**Aim of the exercise**: In the listing that follows, give every line again exactly and omit the pictures.

[[ Supplied information, beginning ]]

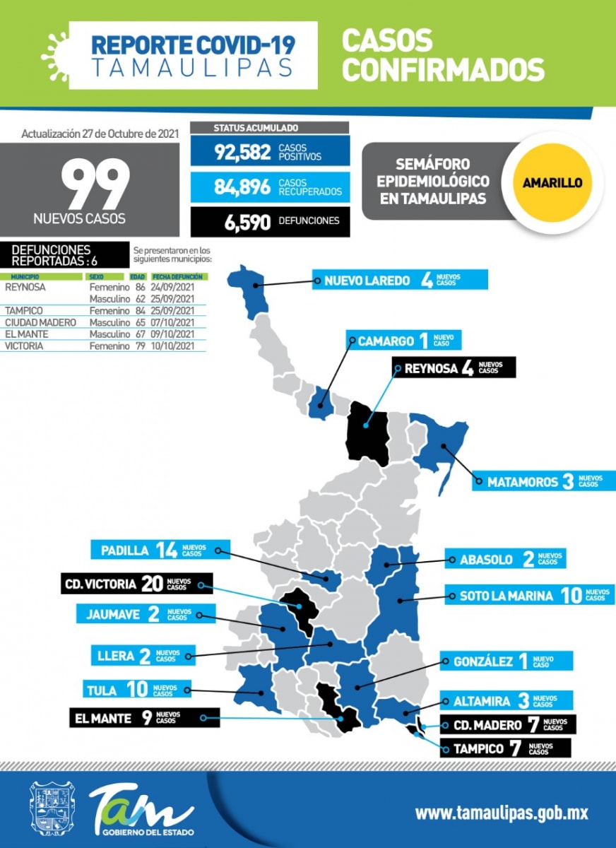 En su reporte diario, la titular de la SST confirmó 99 contagios y 6 fallecimientos, por lo que pidió a las y los tamaulipecos evitar exponer a los más vulnerables, completar su esquema de vacunación anticovid, protegerse y cuidar a sus familias “empezando por nosotros mismos” para seguir avanzando hacia la nueva normalidad.
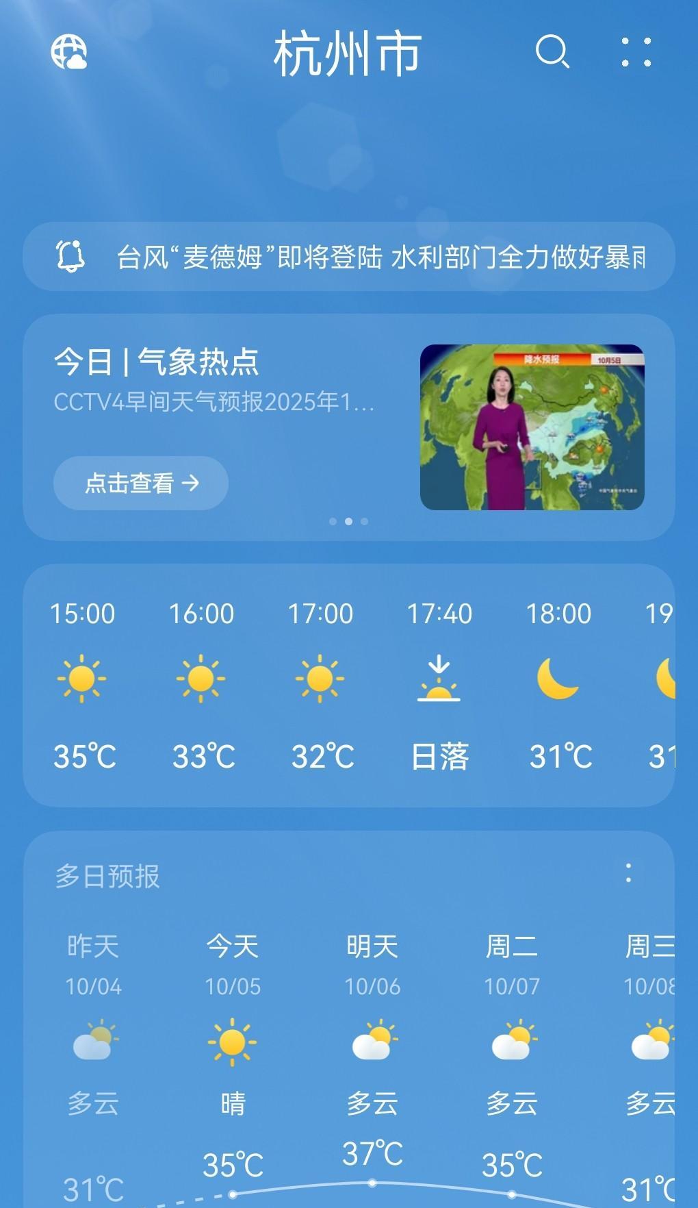 你以为33度是今天苏州的最高温度?错,现在你去外面站一会儿,体感温度绝对有40度,火辣辣的太阳,能把你晒到六亲不认。 今年国庆节的这种热法,好像历史上也找不到第二了!尤其是对整个江浙沪来说,也是绝无仅有吧。据说,浙江的大部分地区从今天开始将连续开启37-40度的高温,毗邻的上海也差不多。这哪里是秋天,这分明是“夏天”赖在“秋天”的家里,久久不肯离去。而“秋天”呢?打也不是,骂也不是,那就只好收拾一间屋子让“夏天”长居了。 本以为最新生成的第21号台风麦德姆会给江浙沪降降温,但是,麦德姆偏偏不来江浙沪,你看,连台风见到江浙沪的“夏天”都要跪着走。看来,江浙沪的这个“夏天”真的要在这里过年了。
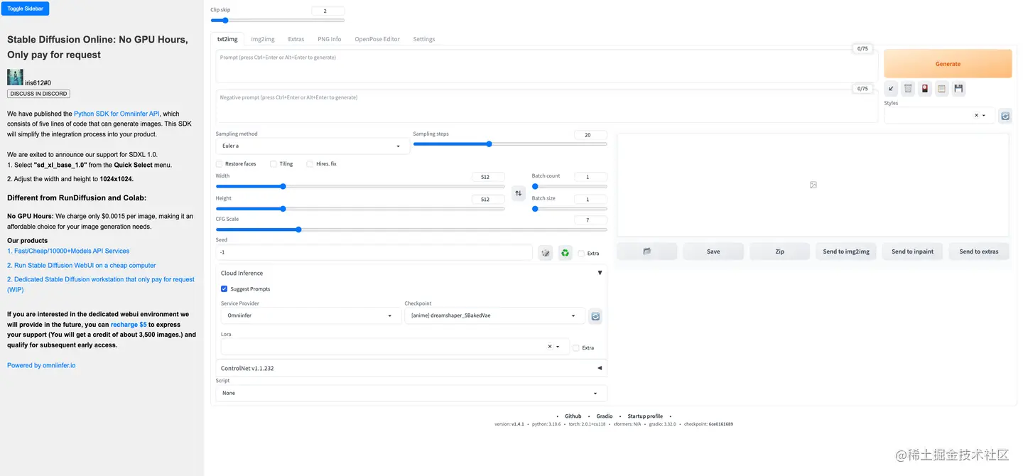 体验入口:Stable Diffusion(SDXL)WebUI Cloud Inference Extension

[[ Supplied information, end ]]

**Task response**:
 En su reporte diario, la titular de la SST confirmó 99 contagios y 6 fallecimientos, por lo que pidió a las y los tamaulipecos evitar exponer a los más vulnerables, completar su esquema de vacunación anticovid, protegerse y cuidar a sus familias “empezando por nosotros mismos” para seguir avanzando hacia la nueva normalidad.
 你以为33度是今天苏州的最高温度?错,现在你去外面站一会儿,体感温度绝对有40度,火辣辣的太阳,能把你晒到六亲不认。 今年国庆节的这种热法,好像历史上也找不到第二了!尤其是对整个江浙沪来说,也是绝无仅有吧。据说,浙江的大部分地区从今天开始将连续开启37-40度的高温,毗邻的上海也差不多。这哪里是秋天,这分明是“夏天”赖在“秋天”的家里,久久不肯离去。而“秋天”呢?打也不是,骂也不是,那就只好收拾一间屋子让“夏天”长居了。 本以为最新生成的第21号台风麦德姆会给江浙沪降降温,但是,麦德姆偏偏不来江浙沪,你看,连台风见到江浙沪的“夏天”都要跪着走。看来,江浙沪的这个“夏天”真的要在这里过年了。
 体验入口:Stable Diffusion(SDXL)WebUI Cloud Inference Extension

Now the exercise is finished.